Why does Russia want a war with Ukraine?

Having been born and raised in Kharkiv with Russian as my native language, before moving to the U.S. and then Europe, I hope to give an account that can be understandable to my western friends.  This post will be the first to that end.

(Truth is, I had long predicted this war.  I do not view it as the worst outcome.  I would totally support eastern regions having an independence vote, under auspices of a free and all-inclusive national dialogue, free press, and fair democratic process.  But Moscow can’t.)

There are two reasons.  First is practical: because it’s in Putin’s economic and political interest.  The second is existential: Russia can’t afford to have a successful independent Ukraine, because then it would be called on to admit to Soviet crimes, which would be extremely damaging to Russian national historical narrative and identity.

Let’s look at the first one.  Russia is facing a long-term economic and national decline.  Putin’s kleptocratic regime simply cannot deliver a competitive economy in the global world.  Meaningful reforms are impossible because any moves toward liberalization put the regime under threat.  A country with the greatest amount of natural resources of any other, is delivering war-time demographics while failing miserably to move an inch toward modernization.

An intentional, well thought through war would help Kremlin by giving employment to what is undoubtedly the nation’s greatest asset: military might.  (In a way, the cold-war policy of containment succeeded precisely because it actively denied USSR effective use of this asset.)  Just as in the case of 1930s Germany, a well-controlled war would positively stimulate the economy.  True, this stimulus would come at the cost of international trade ties and good relations with the rest of the world.  But the only trade the Kremlin depends on today is oil and gas exports, which are unlikely to be boycotted globally, and a more hostile international environment would actually be in Putin’s favor, by opening up more opportunities for use of military.

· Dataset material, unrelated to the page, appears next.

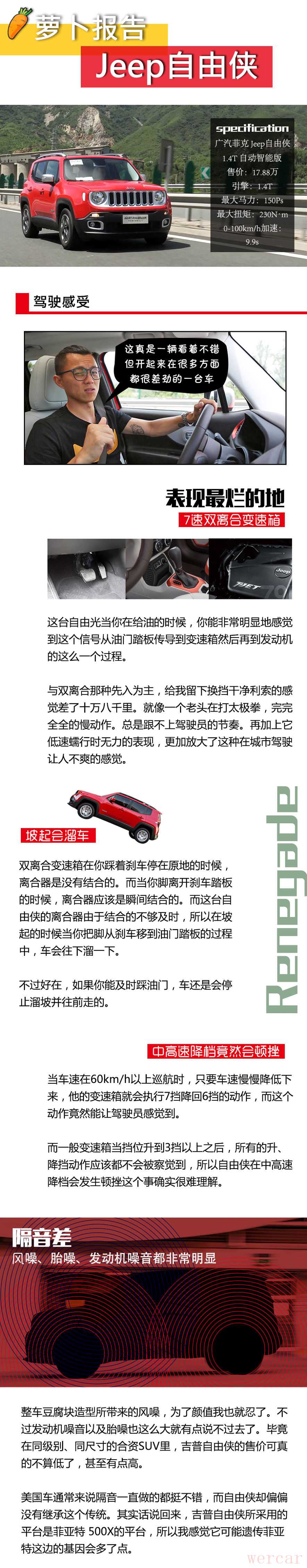 其实,大家不是拒绝Jeep在外观方面的自我突破,而是新的外观并没有抓住消费者的“痒点”。不信你看此次Jeep的全新车型自由侠,同样一改Jeep往日的硬汉造型,变得俏皮、可爱了起来。但这一次,许多消费者在看过它“萌萌哒”的造型后就走不动道了,并且决定非卖不可。不过,毕竟不是所有事物都像其看起来那么美好,所以我想劝这类消费者先Hold住,至少等看完本期《萝卜报告》再决定也不迟。

Finally, a war at the Russia’s borders in such a sensitive country as Ukraine would go a long way to stabilizing Putin’s own regime at home.  The kremlin propaganda machine ensures that the public at large sees things exactly how the state wants them to see it.  In this connection, it is truly amazing to see the kremlin media in recent days detach itself so completely from the rest of the world, building a kind of parallel universe inside the regime’s information space.  The Ukraine’s president resurfacing in Russia to give a press-conference in which the only non-Russian journalist’s question was overdubbed by a mechanical rubbing noise is a particularly cinematic exposure of how this “matrix” operates.  Human rights violations, journalist killings, civil activists prosecutions, punk rock group detentions, torturings of lawyers and other non-political professionals, all of this would be justified by the reality of war.  It even shows Putin’s “prescient” leadership, to build the country up so as to be prepared for this war.

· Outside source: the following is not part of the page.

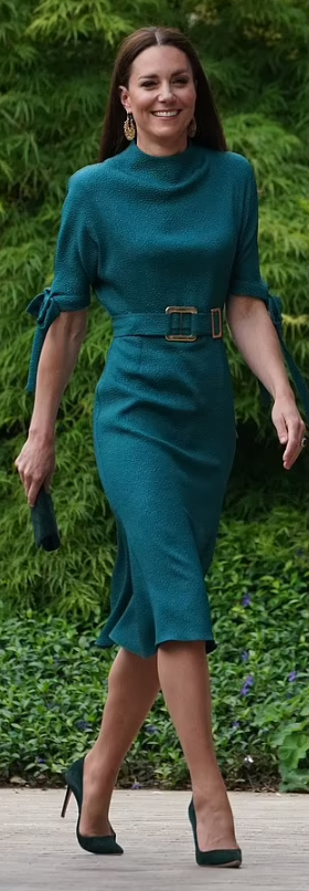 Enfin, superbe couleur pour cette jolie robe qui met la silhouette de la Duchesse en valeur, et pour une fois avec une longueur raisonnable, BO et brushing impeccables, je chipote sur la pochette et les escarpins que j’aurais aimé d’une autre couleur.

The second point is more delicate, and I will treat it in a separate post.  It is actually the more decisive factor forcing Russia’s invasion in Ukraine.

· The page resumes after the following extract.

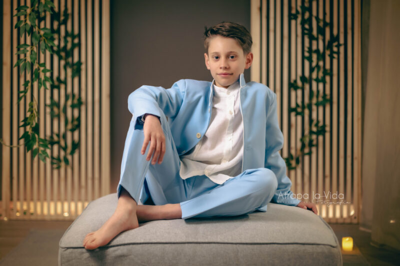 Este conjunto es ideal para una comunión, ya que tiene un balance entre formalidad y frescura, perfecto para un evento especial y a la vez cómodo para el niño.

Let me conclude this post by warning against what I find to be the single most powerful and consistent hindrance to the West’s understanding of Russia.

I call it “the temptation to judge”.

The Western mind is not able to even seriously consider that Russia might be willing to start a new world war, were it in its national interest to do so, because that would be crazy and “bad”.

But who are you to judge?

The West is made up of developed countries which have good prospects for the future in a stable, peaceful, globalized world.  Most people in the west experience life in constant confidence that, no matter what happens, they are going to be more or less ok.  They have no moral authority to judge Russia.  The presumption of such an authority is even a form of modern day racism, echoing the principle that richer-is-better.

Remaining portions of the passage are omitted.